In Preminger v. Secretary (Fed. Cir. 2008), the Federal Circuit evaluated the Menlo Park Medical Center, which consisted of “buildings and outdoor, communal areas,” “a teaching hospital,” “three nursing homes,” and “a domiciliary for homeless veterans.” The court concluded that the campus was a nonpublic forum and that a restriction on “partisan activities” by “visitors” was reasonable because “[t]he VA must be able to maintain a place of healing and rehabilitation for the veterans for which it provides services. Demonstrations and other disruptions could interfere with the VA’s ability to provide those services and could impede the VA’s ability to carry out its mission of caring for veterans.” And in Preminger v. Principi (9th Cir. 2005), the Ninth Circuit concluded that a restriction on “partisan activities” that prevented the plaintiff from soliciting voters at a VA nursing home was reasonable “in order to prevent the appearance of partisan affiliation.”
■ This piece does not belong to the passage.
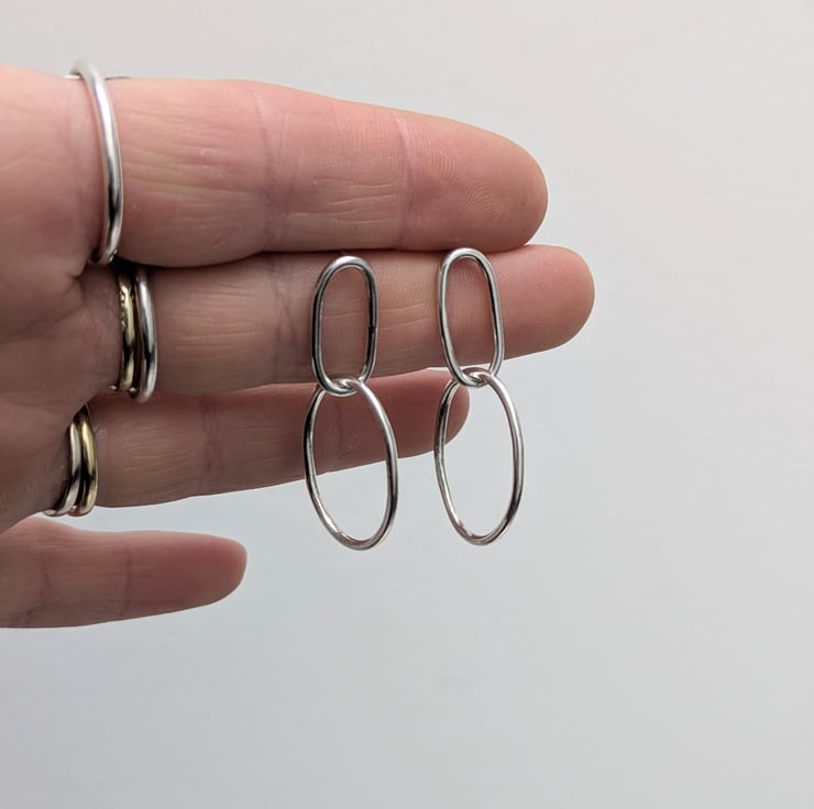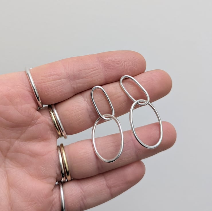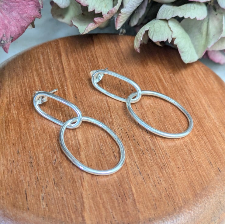 Dangly stud earrings featuring two connecting oval shapes. A minimalist design great for any occasion. Handmade in Sheffield using solid recycled sterling silver.
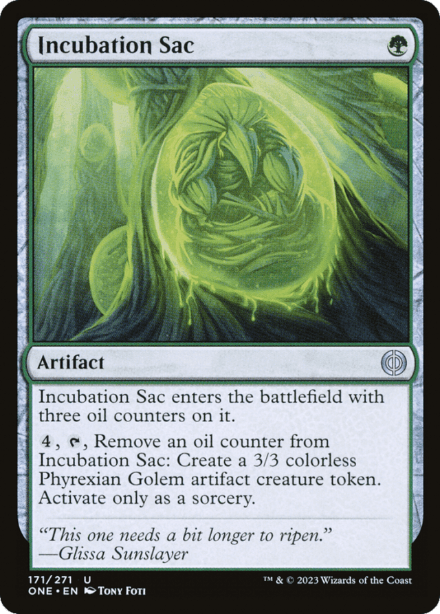 This artifact enters with three oil counters on it. {4}, {T}, Remove an oil counter from this artifact: Create a 3/3 colorless Phyrexian Golem artifact creature token. Activate only as a sorcery.

Those same justifications apply equally to the AFRH-G. Maintaining a place of healing for residents reasonably may require certain limitations on kinds of speech and expression that might interfere with its congressional mandate.

This is especially true in this context because active-duty military personnel work on campus and might inadvertently be pictured or associated with residents engaging in political speech, undermining our Nation’s history of a politically neutral military. In this unique context, the Government has a legitimate interest in promoting harmony on campus….

James E. Graves, III and Jessica Bourne Williams represent the government.